[Excerpts from a dataset]
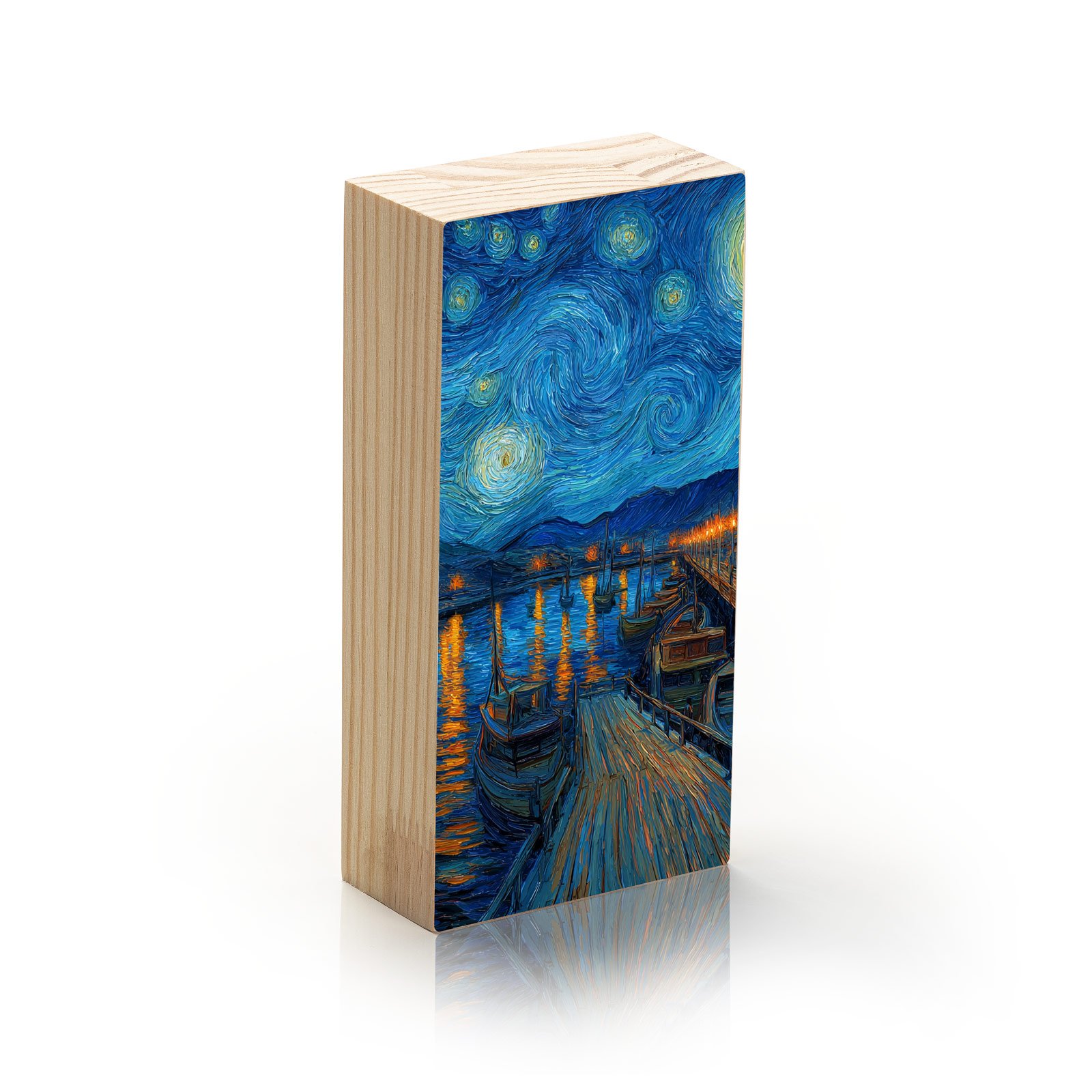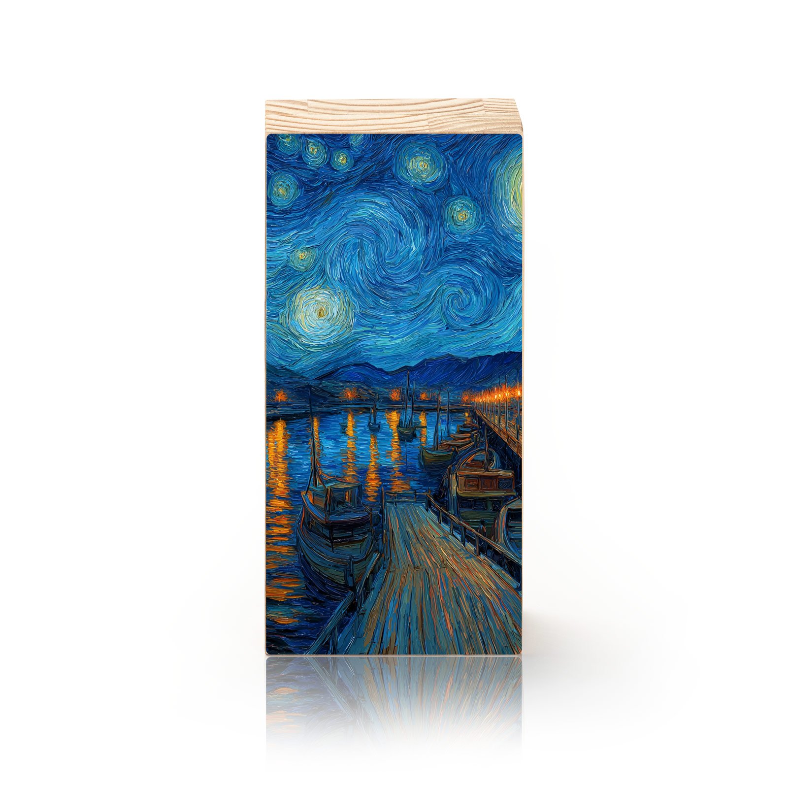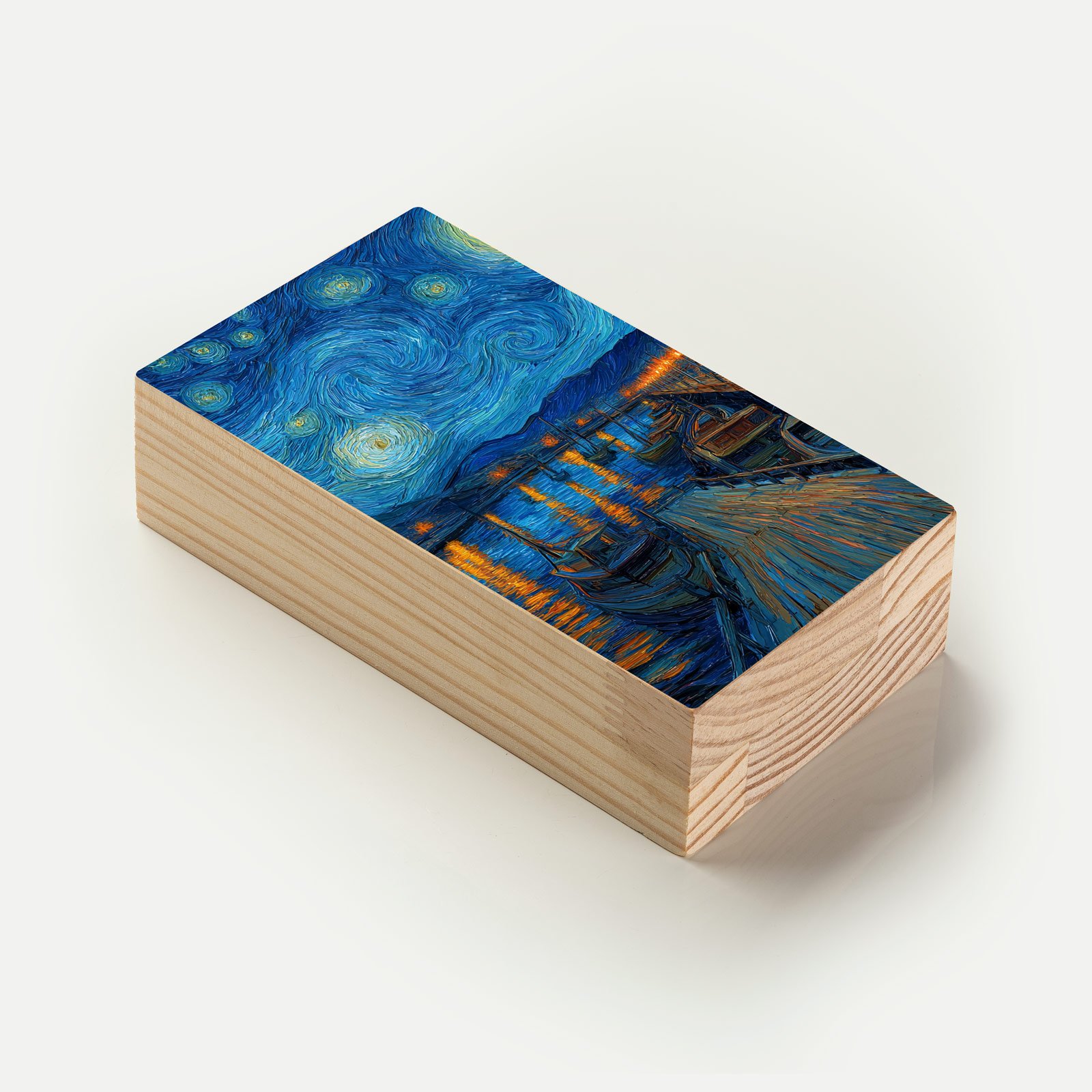 Com pinceladas intensas e carregadas de emoção, “Noite de Luzes” recria a atmosfera mágica da noite estrelada sobre o cais, em uma homenagem atemporal ao estilo inconfundível de Van Gogh. As espirais do céu e os reflexos dourados sobre a água evocam movimento, energia e contemplação.
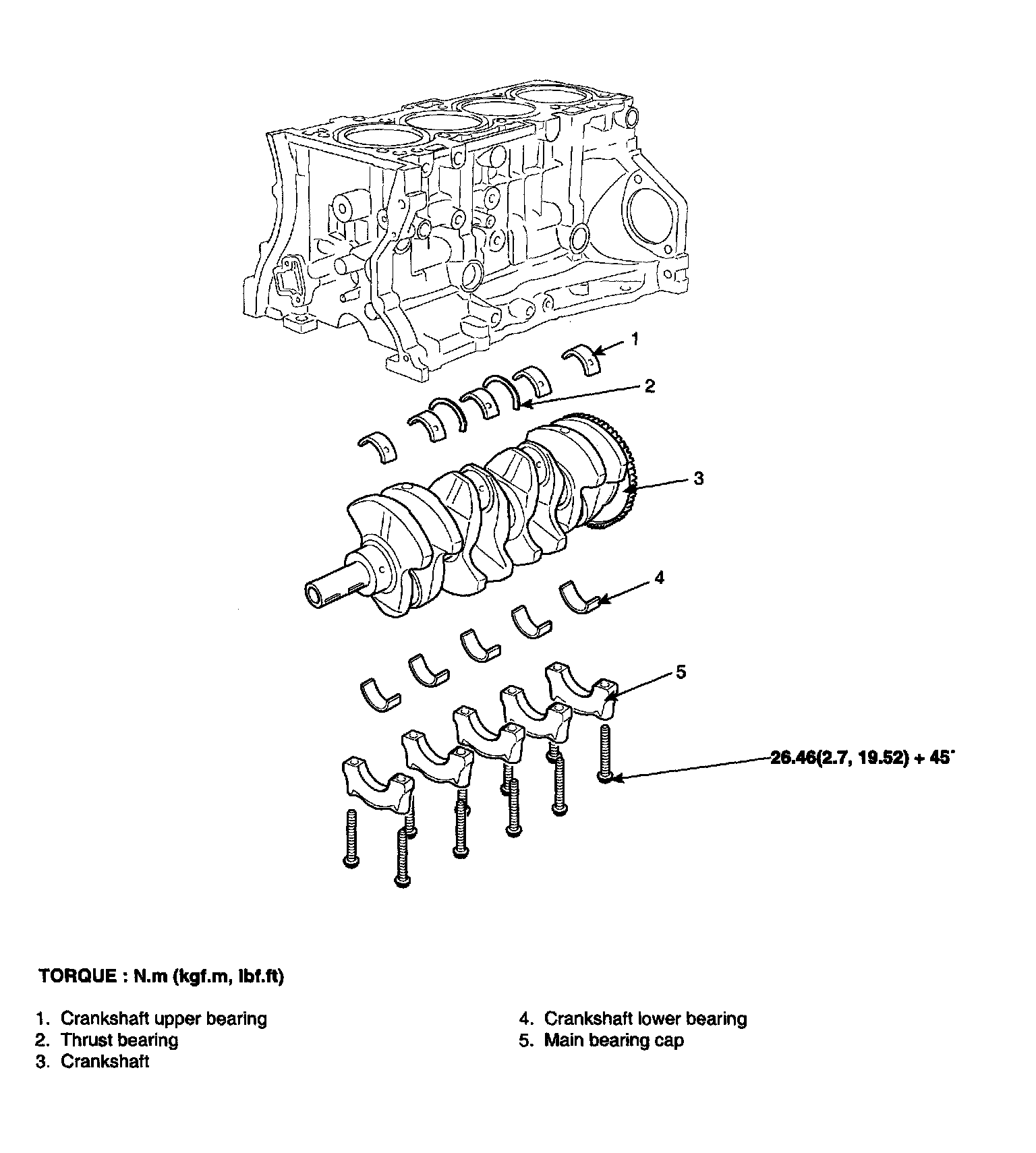 NOTE: Arrange the main bearings and thrust bearings in the correct order.
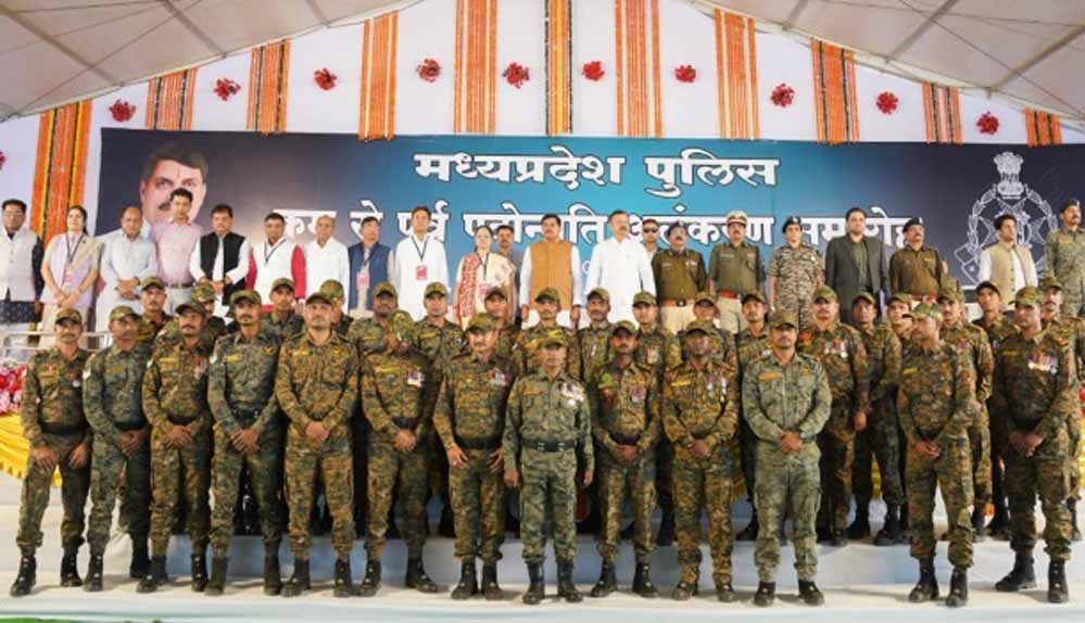 मध्य प्रदेश के मुख्यमंत्री मोहन यादव ने सोमवार को बालाघाट में आयोजित एक कार्यक्रम में नक्सली मुठभेड़ों में अदम्य साहस और वीरता का प्रदर्शन करने वाले 60 जवानों को नियमों से हटकर पदोन्नति प्रदान की। एक आधिकारिक विज्ञप्ति के अनुसार, मुख्यमंत्री ने राज्य की शांति और सुरक्षा के लिए प्राणों की आहुति देने वाले जवानों को अमर जवान ज्योति पर पुष्पांजलि अर्पित कर श्रद्धांजलि दी।
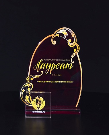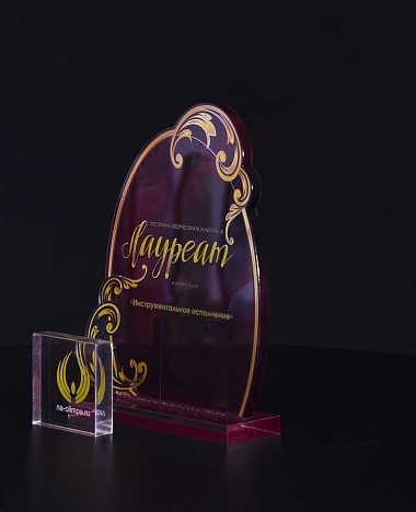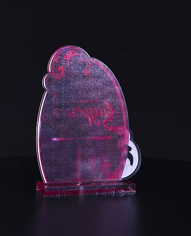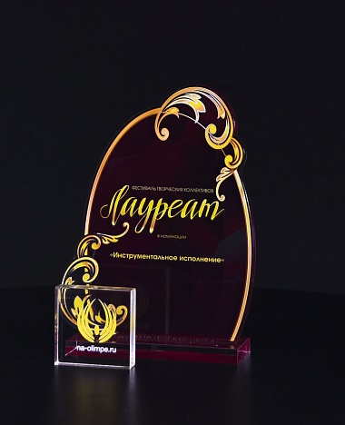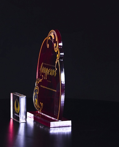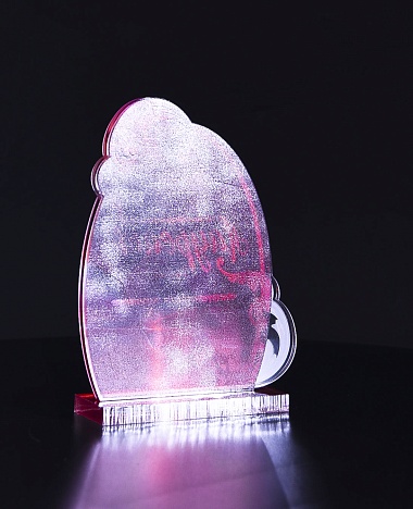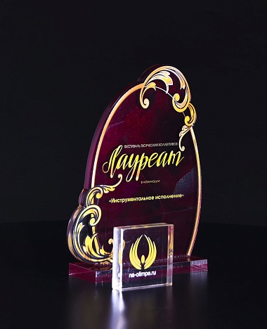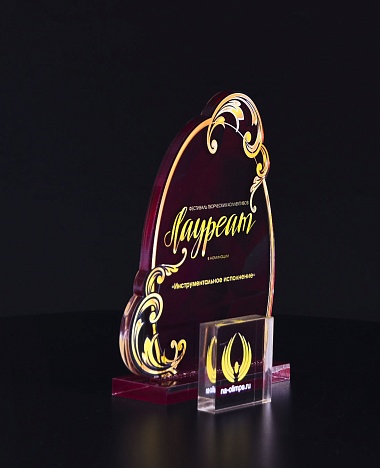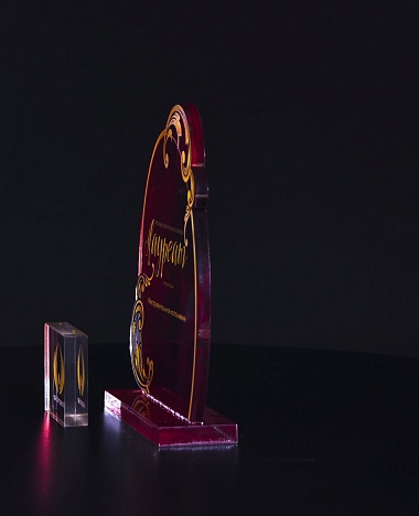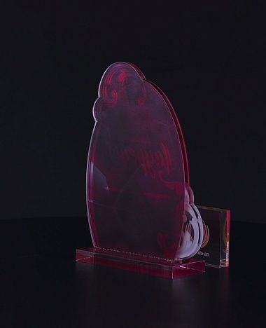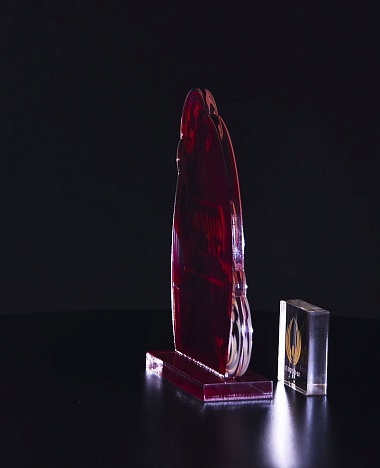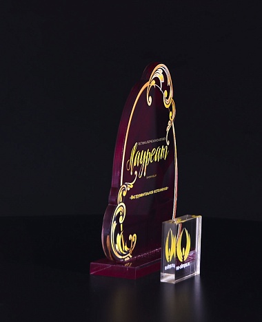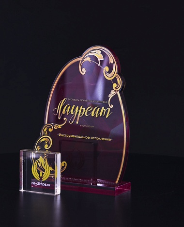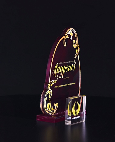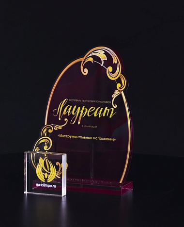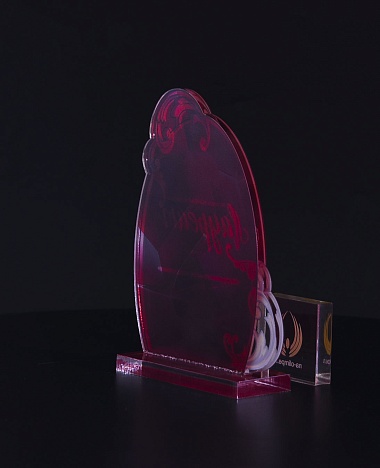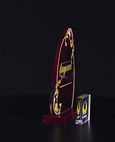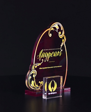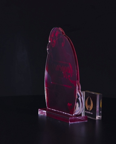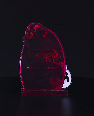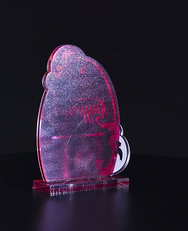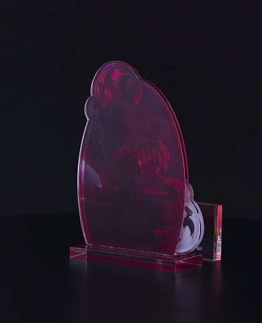 Приз из прозрачного акрила с глянцевой цветной печатью на лицевой стороне и полупрозрачной печатью на задней стенке награды и постаменте.
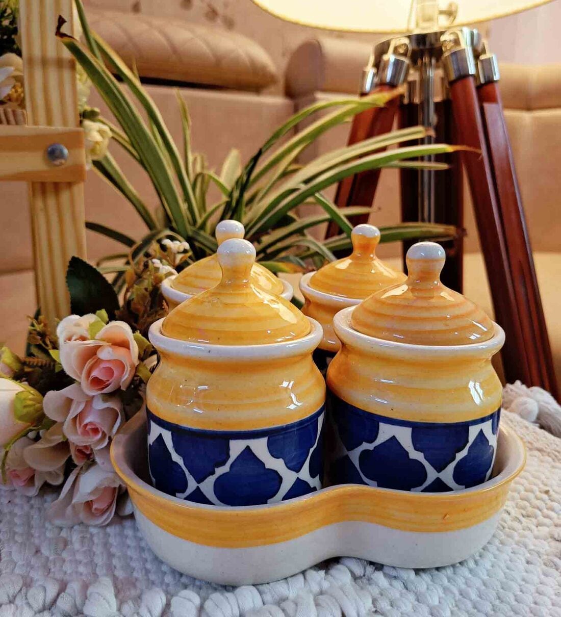 Niyara Multipurpose Storage Ceramic Pickle set Jars with Lid & tray (Set of 4, 300 ml) (Yellow)
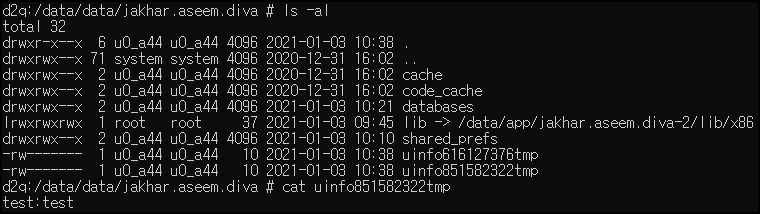 | DIVA - Insecure Data Storage - Part 1 (0) | 2021.01.03 |
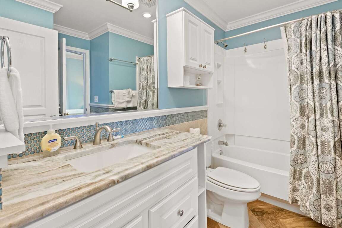 -Guest Bathroom: Ensuite to guest bedroom 2, shared access complete bath with shower/tub combo
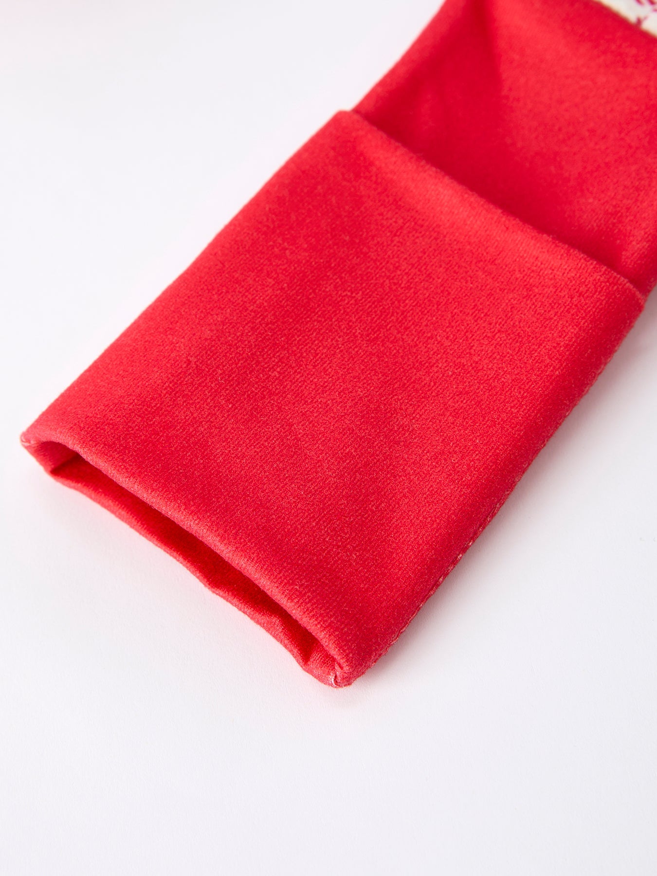 Christmas Plaid Baby Girls Romper with Long Sleeves and Red Cuffs
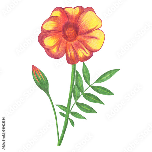 marigold, flower, floral, hand-drawn, isolated, leaf, red, leaf, yellow, green, orange, white, drawing, nature, summer, colourful, realistic, art, element, illustration, painted, design, garden, plant, artwork, image, paint, painting, picture, botanical, crayons, hand-drawn, herbal, wild, botany, flora, wildflower, beautiful, bloom, blossom, spring, daisy, doodle, vignetting, wedding, icon
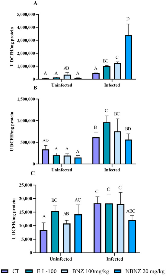 The liver ROS levels (Figure 9A) were higher in the infected EL-100, BNZ, and NBNZ groups compared to their corresponding uninfected groups. Moreover, the infected EL-100, BNZ, and NBNZ groups demonstrated higher ROS levels than the infected CT group. In kidney evaluation (Figure 9B), more significant ROS levels were observed in all infected groups than in their respective uninfected groups. The cortex ROS levels (Figure 9C) were higher in the infected groups, and the difference in cortex ROS levels was significant between the infected and uninfected groups of CT and BNZ.
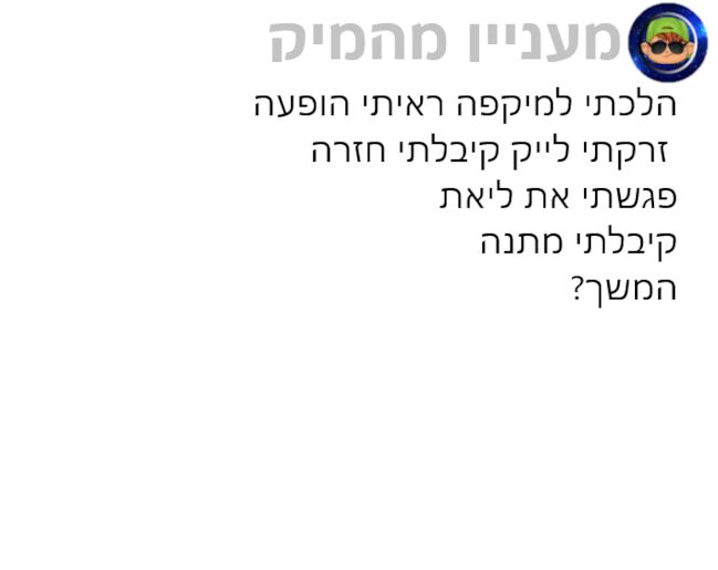 ממש יפה ,אהבתי מאוד קצת קשה להמשיךאתה יכול להמשיך משהו עם שמחתי מאוד או משהו כזה מזל טוב לזוכים!!!!! |

> **Exercise requirements**: Copy word for word only the lines above from the one with "NOTE: Arrange the" through the one with "मध्य प्रदेश के". Leave pictures out.

> **Expected answer**:
 NOTE: Arrange the main bearings and thrust bearings in the correct order.
 मध्य प्रदेश के मुख्यमंत्री मोहन यादव ने सोमवार को बालाघाट में आयोजित एक कार्यक्रम में नक्सली मुठभेड़ों में अदम्य साहस और वीरता का प्रदर्शन करने वाले 60 जवानों को नियमों से हटकर पदोन्नति प्रदान की। एक आधिकारिक विज्ञप्ति के अनुसार, मुख्यमंत्री ने राज्य की शांति और सुरक्षा के लिए प्राणों की आहुति देने वाले जवानों को अमर जवान ज्योति पर पुष्पांजलि अर्पित कर श्रद्धांजलि दी।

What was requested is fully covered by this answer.